**Exercise prompt**
Wherever the listing holds a picture, leave it out, and copy the remainder exactly.

**Supplied information**
=== Section Start ===

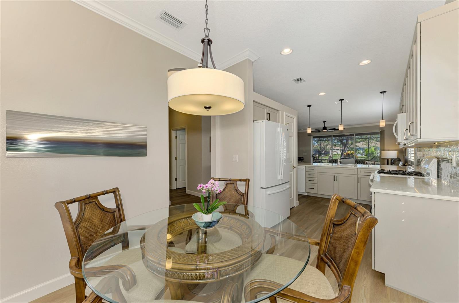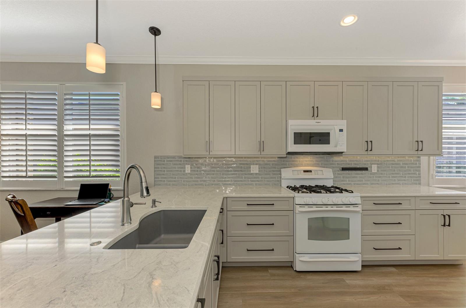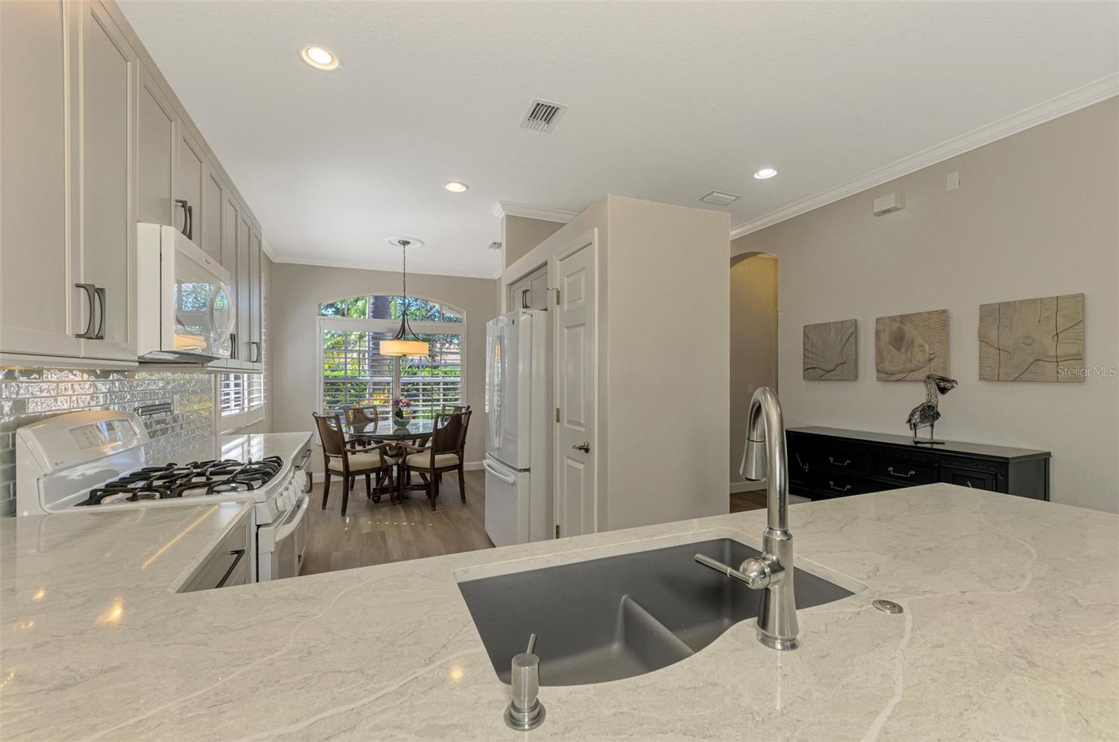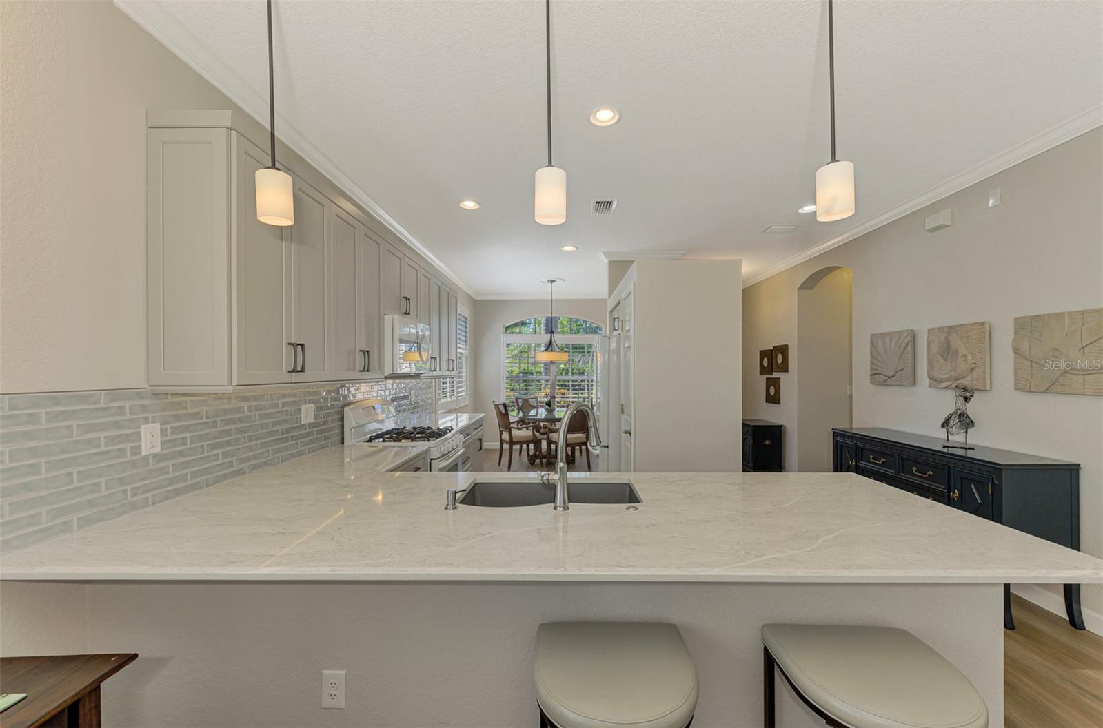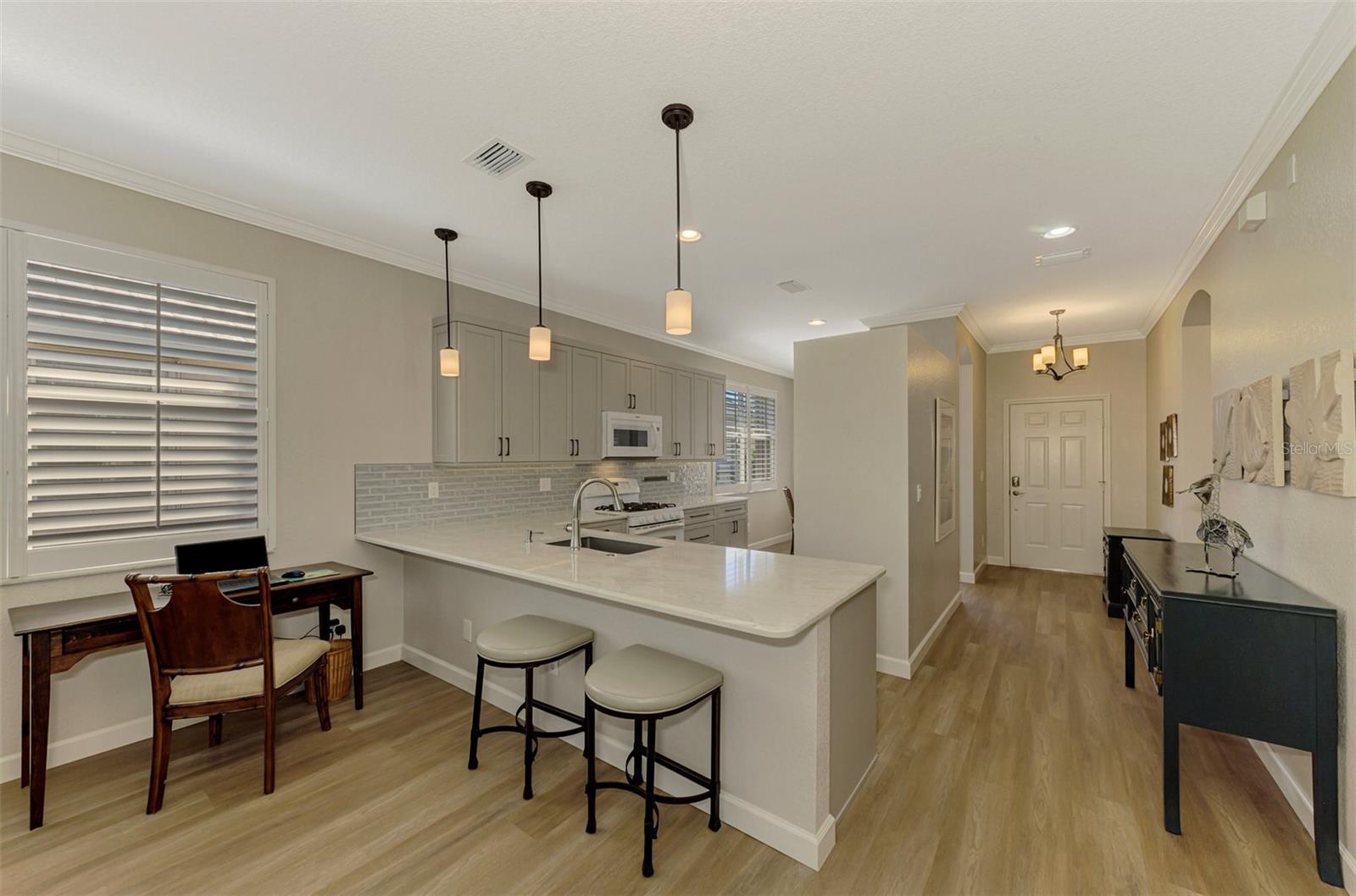 This FULLY REMODELED home with today's MODERN TRENDS is a SHOWSTOPPER- From the home's inviting curb appeal and well-maintained landscaping to its expansive outdoor lanai, this 3 Bedroom 2 Bathroom home is ready for you to move right in! The expansive lanai for relaxation and entertaining features a heated oversized spa with decorative tile accents and a planter, all conveniently controlled with electronic settings. Surrounded by Florida's natural beauty, the home offers serene water views that provide a peaceful and private retreat. Inside, the updated interior strikes the perfect balance between modern style and everyday comfort. Highlights include quality cabinetry, sleek quartz countertops and replaced appliances, complemented by upgraded luxury vinyl floors, a stylish tiled backsplash and a custom-built entertainment center. Plantation shutters, crown molding and other charming details add character throughout. The primary bedroom features a renovated bathroom with an expansive Roman walk-in shower and two closets for extra storage. The third bedroom offers versatility with a built-in desk and a Murphy bed, making it ideal for a home office or guest space. Adding even more value, this home includes a 2023 NEW METAL ROOF for peace of mind. Nestled in the resort-style, gated community of Riverwood, this home is perfectly situated to enjoy all the amenities and activities the neighborhood provides. Residents love the tree-lined walking and biking paths, tennis and pickleball courts, a lap and resort-style pool with a hot tub, fitness center, and a variety of social activities and classes at the Activity Center. Golf enthusiasts can take advantage of the Riverwood Golf Club's Par 72 Championship course, while pet owners will appreciate the R.O.M.P. Dog Park. Members can also enjoy access to the exclusive Beach Club on Manasota Key (membership based on availability). Conveniently located between Sarasota and Fort Myers on Florida's stunning West Coast, Riverwood provides easy access to boating, cultural events, dining, shopping, and the gorgeous beaches of Southwest Florida. This home is the ideal blend of relaxed living and stylish upgrades. Don't wait--contact your agent today to view all that this well-appointed Riverwood Home and Community provides.
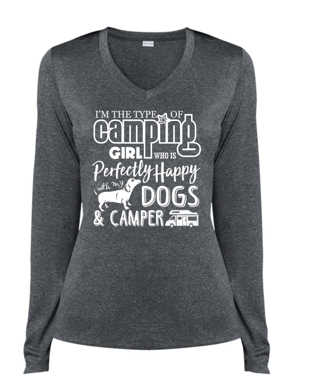 I'm The Type Of Camping Girl T Shirt, Dogs And Camper T Shirt, Cool Shirt (Ladies LS Heather V-Neck)
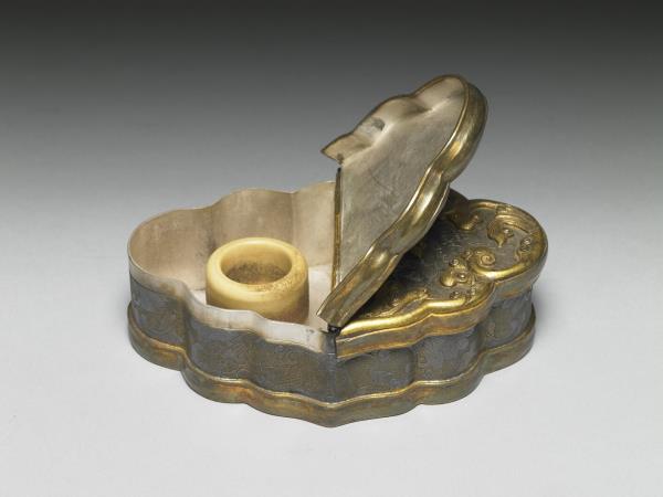 | 說明 | 扳指,又稱搬指、班指,是射箭時戴在大拇指上以鈎弦的工具,後來逐漸成為男性的裝飾品。扳指通常用玉等材質製成,滿人入關前或用虎骨、鹿骨扳指。本件骨質呈黃色,中央及邊緣略呈褐色或粉紅色,保留扳指樸質的本色,收貯於銀鍍金流雲寶相花雙聯盒中,有特殊珍藏之意。 |
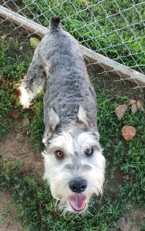 Rico is a 1-year-old, neutered male schnauzer. He gets along well with other dogs and is very well behaved. Rico knows basic commands, is very playful, and loves to fetch a ball. Find him through Precious Friends Puppy Rescue and Adoption, 931-551-4407

=== Section End ===

**Final answer**
 This FULLY REMODELED home with today's MODERN TRENDS is a SHOWSTOPPER- From the home's inviting curb appeal and well-maintained landscaping to its expansive outdoor lanai, this 3 Bedroom 2 Bathroom home is ready for you to move right in! The expansive lanai for relaxation and entertaining features a heated oversized spa with decorative tile accents and a planter, all conveniently controlled with electronic settings. Surrounded by Florida's natural beauty, the home offers serene water views that provide a peaceful and private retreat. Inside, the updated interior strikes the perfect balance between modern style and everyday comfort. Highlights include quality cabinetry, sleek quartz countertops and replaced appliances, complemented by upgraded luxury vinyl floors, a stylish tiled backsplash and a custom-built entertainment center. Plantation shutters, crown molding and other charming details add character throughout. The primary bedroom features a renovated bathroom with an expansive Roman walk-in shower and two closets for extra storage. The third bedroom offers versatility with a built-in desk and a Murphy bed, making it ideal for a home office or guest space. Adding even more value, this home includes a 2023 NEW METAL ROOF for peace of mind. Nestled in the resort-style, gated community of Riverwood, this home is perfectly situated to enjoy all the amenities and activities the neighborhood provides. Residents love the tree-lined walking and biking paths, tennis and pickleball courts, a lap and resort-style pool with a hot tub, fitness center, and a variety of social activities and classes at the Activity Center. Golf enthusiasts can take advantage of the Riverwood Golf Club's Par 72 Championship course, while pet owners will appreciate the R.O.M.P. Dog Park. Members can also enjoy access to the exclusive Beach Club on Manasota Key (membership based on availability). Conveniently located between Sarasota and Fort Myers on Florida's stunning West Coast, Riverwood provides easy access to boating, cultural events, dining, shopping, and the gorgeous beaches of Southwest Florida. This home is the ideal blend of relaxed living and stylish upgrades. Don't wait--contact your agent today to view all that this well-appointed Riverwood Home and Community provides.
 I'm The Type Of Camping Girl T Shirt, Dogs And Camper T Shirt, Cool Shirt (Ladies LS Heather V-Neck)
 | 說明 | 扳指,又稱搬指、班指,是射箭時戴在大拇指上以鈎弦的工具,後來逐漸成為男性的裝飾品。扳指通常用玉等材質製成,滿人入關前或用虎骨、鹿骨扳指。本件骨質呈黃色,中央及邊緣略呈褐色或粉紅色,保留扳指樸質的本色,收貯於銀鍍金流雲寶相花雙聯盒中,有特殊珍藏之意。 |
 Rico is a 1-year-old, neutered male schnauzer. He gets along well with other dogs and is very well behaved. Rico knows basic commands, is very playful, and loves to fetch a ball. Find him through Precious Friends Puppy Rescue and Adoption, 931-551-4407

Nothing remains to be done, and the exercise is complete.